I got my 742 30-06 auto in 1966. I've had the problem of the shell jamming first time with factory 180gr sofe corelock in 1993 when the bolt latch pivot broke. The same bolt latch pivot broke again last fall 2005 while I was using the factory 165gr. I have coffee most every afternoon with Roger Berg, RD Gun Repair, Montague and he had no problem fixing the gun.


----------



## BuckBuster

Hamilton Reef said:


> I got my 742 30-06 auto in 1966. I've had the problem of the shell jamming first time with factory 180gr sofe corelock in 1993 when the bolt latch pivot broke. The same bolt latch pivot broke again last fall 2005 while I was using the factory 165gr. I have coffee most every afternoon with Roger Berg, RD Gun Repair, Montague and he had no problem fixing the gun.
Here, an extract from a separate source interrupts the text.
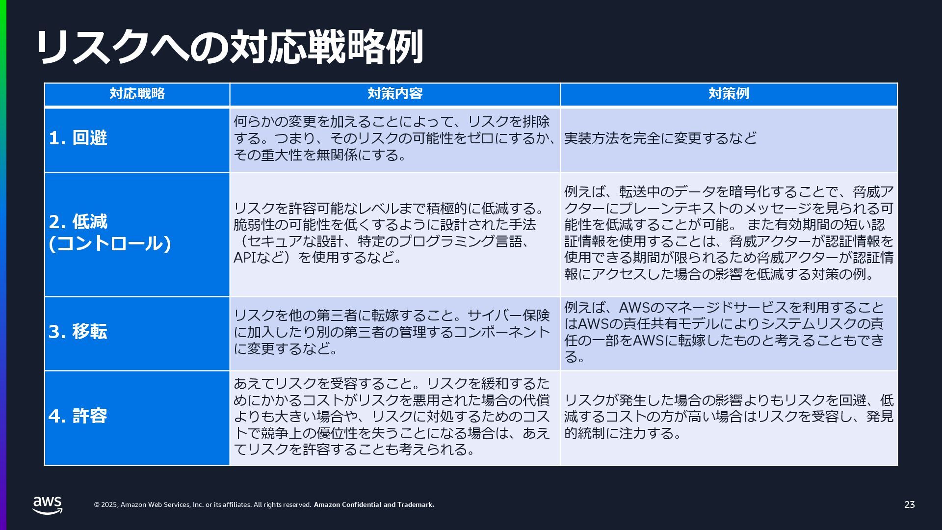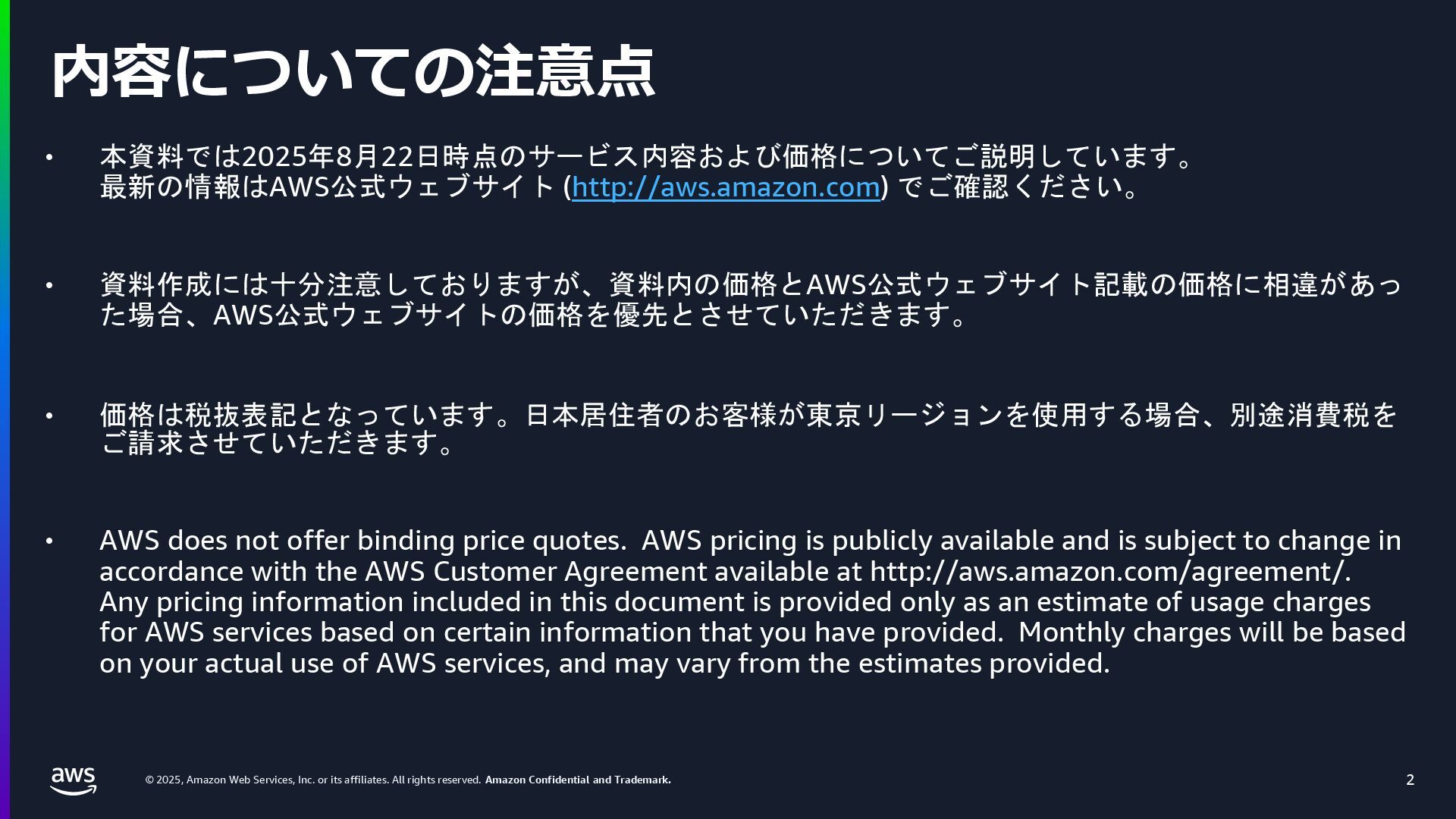 rights reserved. Amazon Confidential and Trademark. 内容についての注意点 2 • 本資料では2025年8月22日時点のサービス内容および価格についてご説明しています。 最新の情報はAWS公式ウェブサイト (http://aws.amazon.com) でご確認ください。 • 資料作成には十分注意しておりますが、資料内の価格とAWS公式ウェブサイト記載の価格に相違があっ た場合、AWS公式ウェブサイトの価格を優先とさせていただきます。 • 価格は税抜表記となっています。日本居住者のお客様が東京リージョンを使用する場合、別途消費税を ご請求させていただきます。 • AWS does not offer binding price quotes. AWS pricing is publicly available and is subject to change in accordance with the AWS Customer Agreement available at http://aws.amazon.com/agreement/. Any pricing information included in this document is provided only as an estimate of usage charges for AWS services based on certain information that you have provided. Monthly charges will be based on your actual use of AWS services, and may vary from the estimates provided.

Hamilton Reef,Thanks for the info on the bolt latch pivot,I'll keep that in mind & tell my gunsmith about it.I live in NH so i can't use yours.Thanks,AL:coolgleam


----------



## DANIEL MARK ZAPOLSKI

Duwammer That's A Big *****bingo****** On Those Rails You Hit The Nail Right On The Head. Those Rails Get Worn Pretty Good And Do End Up Causing The Jamming Problem. Take The 742 To A Good And Reliable Gunsmith And The Problem Will Go Bye Bye.


----------



## JAS

Albert Bergeron said:


> JAS,I agree with you,but after reading Big Dave's post.I realized you should have clarified about leaving rounds in clips all year.It does weaken springs thus creates a feeding problem not an ejecting problem.A new magazine if you can find them is a good idea.Keeping it CLEAN is #1.I have been using my 742 more the past few years.I used to use a peep site on it but i now have a 4 power scope on it.Since i have scopes on all my guns now.( Rifles,Shotguns & Muzzle-loader.My 742 is still very accurate after 32 years.


You can find new magazines pretty easily. Not exactly cheap though, around $25 from Cabelas. My 742 is very accurate as well with a 4X. For MI, I think it is the perfect rifle for me. I feel confident with mine out to 150. Which is more than enough for the hardwoods I hunt. One thing about 742's, when they get hot, they begin to spray. If you like to go gangbusters at the range, dont expect great results. Other than that, which is really nothing, you have a superb whitetail rifle. However, this rifle cannot handle neglect. It has to be *clean* in order for it to properly function. And you have to know how to clean it. It is not used as my brush gun. When I bust brush, it is time to bring out the old 94 30-30 with open sights. I let the air out of a few bucks with that gun as well. Most of the time under 60 yards with quick shots. Perfect brush gun. 742 and 30-30 is winner in MI. Northern Mi that is. 

Take care,
JAS


----------



## BIG DAVE

they both are great gun and very accurate. my 7400 does sprey when the barrel gets hot at a 100yrds i can hit a half doller with the first shot, but the 4th or 5th are a good 4inch out. and thats with a cheeper tasco scope.
wetzel gun shop did fix my 742: long ago but the same thing happened again
and double action mucked it up and the gun smith at wetzel wouldnt touch it because of it.


----------



## Duwammer

Hamilton Reef,
I long ago retired the little .308 I've only kept it for sentimental reasons. But being as I'm rather close to your gunsmith I think I'll look his number up and give him a call and see if I can't breathe some new life into the old gun.


----------



## BuckBuster

Has anybody heard about this new Rem.Model rifle coming out.Has anyone got one & how are they,compare to the 742.


----------



## DRHUNTER

Bought a Rem 742 when I was 15 years old. That was 1967. Shot a lot of deer,few coyotes and a bear. Used 180 gr. round nose Core-loks exclusively. Only recall one time that it failed to feed and that day the rifle was covered with ice from a snow storm. I had a new trigger assembly installed about 6-7 years ago as the old one just wore out. Not much blueing left on it either but it has been extremely reliable for me. I use it as a backup rifle now. I have a ton of great memories with that rifle...


----------



## uncletj

I traded my 742 Woodsmaster semi-auto for a 760 Gamemaster pump and that solved any problems I had.


----------



## BuckBuster

uncletj said:


> I traded my 742 Woodsmaster semi-auto for a 760 Gamemaster pump and that solved any problems I had.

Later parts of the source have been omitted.